First time buyer numbers in the UK are at their highest since 2007 but they are still nearly 50% lower than in 2005 before the global economic downturn, new research shows. There was an estimated 12% increase in the number of first time buyers in 2012, up from 193,000 in 2011, according to the annual Halifax First Time Buyer Review.
Whilst this was the highest annual total since 2007, it was still nearly 50% lower than in 2006 when there were 402,800. The research also showed that affordability for first time buyers remains close to its most favourable level since 2003 with the average house price paid by a first time buyer in November 2012 within the reach of those on average earnings. This compares with just 5% at the peak of the housing market in 2007, but is marginally lower than in 2011 due to a modest increase in the average price paid by first time buyers in 2012.
Mortgage affordability has also improved in recent years when the proportion of disposable earnings devoted to mortgage payments by a new first time buyer stood at 27% in the third quarter of 2012, more than half of the peak level of 50% in the second quarter of 2007 and comfortably below the long term average of 34%. Nationally, the average house price paid by a first time buyer in 2012 was £139,921, an increase of 3% on £136,195 in 2011 and over half, 55%, of all first time buyer purchases in 2012 were below the £125,000 stamp duty threshold.
Quote from PropertyCommunity.com : “There has been widespread disappointment within the UK property industry that Chancellor George Osborne did not use today’s Budget to keep first time buyers exempt from stamp duty.”
Some 38% of properties bought by first time buyers were priced between £125,000 and £250,000 and would have been exempt from stamp duty if the temporary increase in the starting threshold had been in place for the entire year.

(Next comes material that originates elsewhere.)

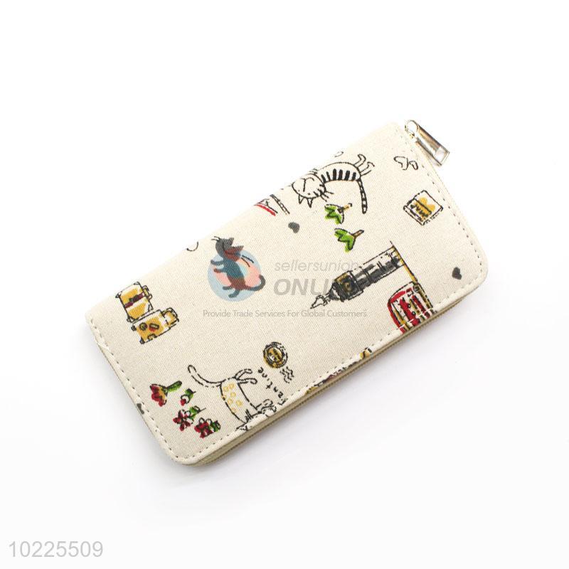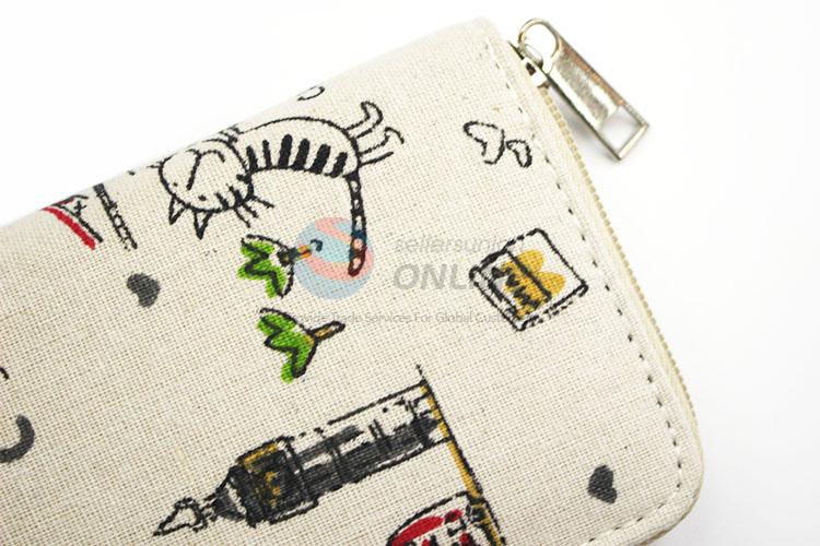 Adorable Cat Design Canvas Purse&Wallet with Polyester Zipper for Sale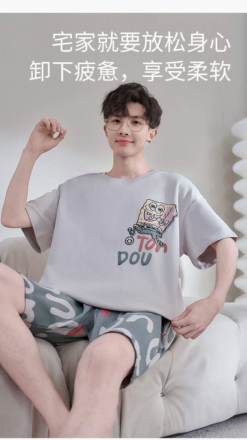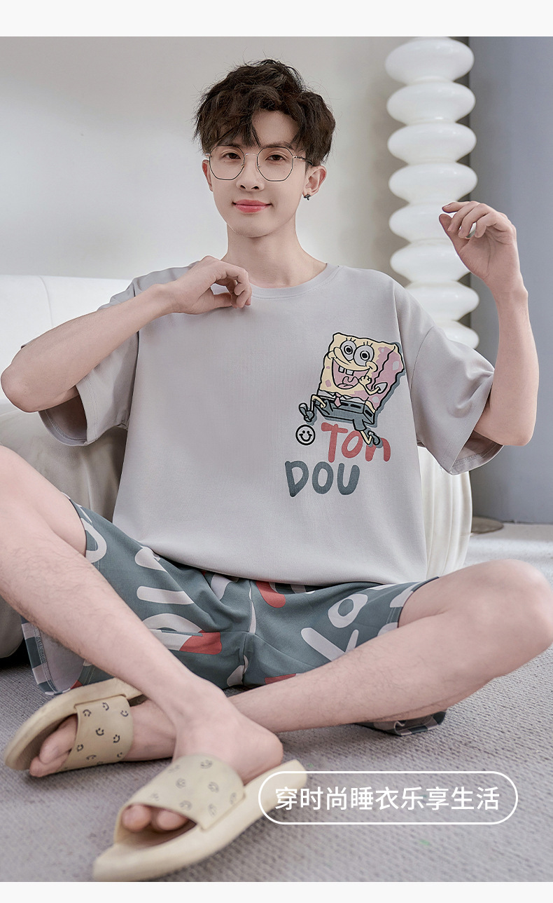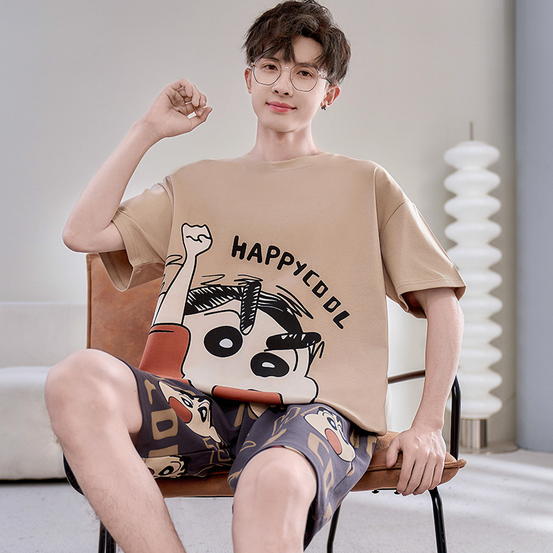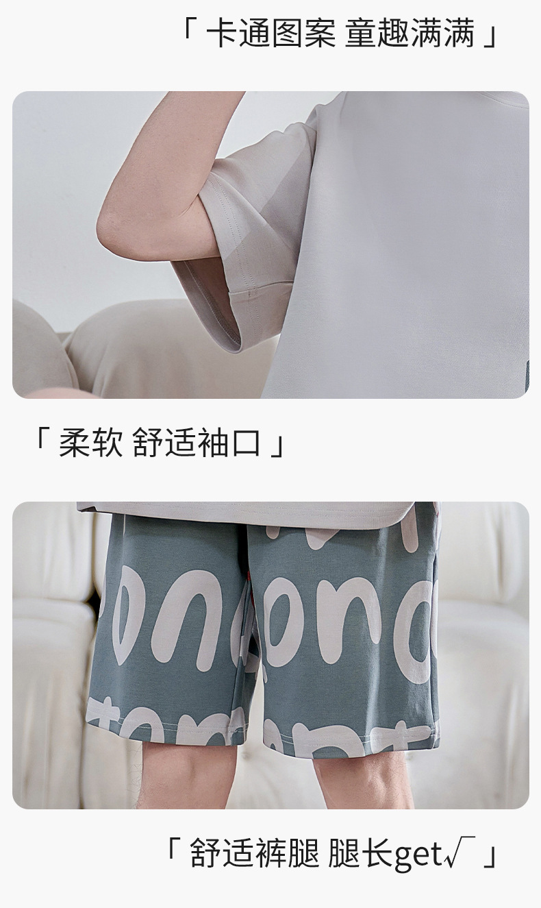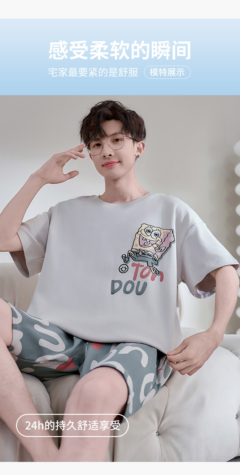 여름 새로운 순수 코튼 남성 반팔 반바지 정장 잠옷 청소년 학생 대형 느슨한 만화 가정 의류스토어 가기

The overwhelming majority, some 96%, of first time buyers in London bought homes above the £125,000 threshold. ‘The number of first time buyers has risen to a five year high, boosted by the improvement in affordability resulting from the reductions in both house prices and mortgage rates in recent years,’ said Martin Ellis, housing economist at the Halifax.
‘Conditions for potential first-time buyers, however, remain very difficult with problems raising the necessary deposit and concerns over the economic climate continuing to prevent many from entering the market. Despite some positive steps with schemes such as NewBuy, the numbers of those buying their first home remain low by recent historical standards,’ he added.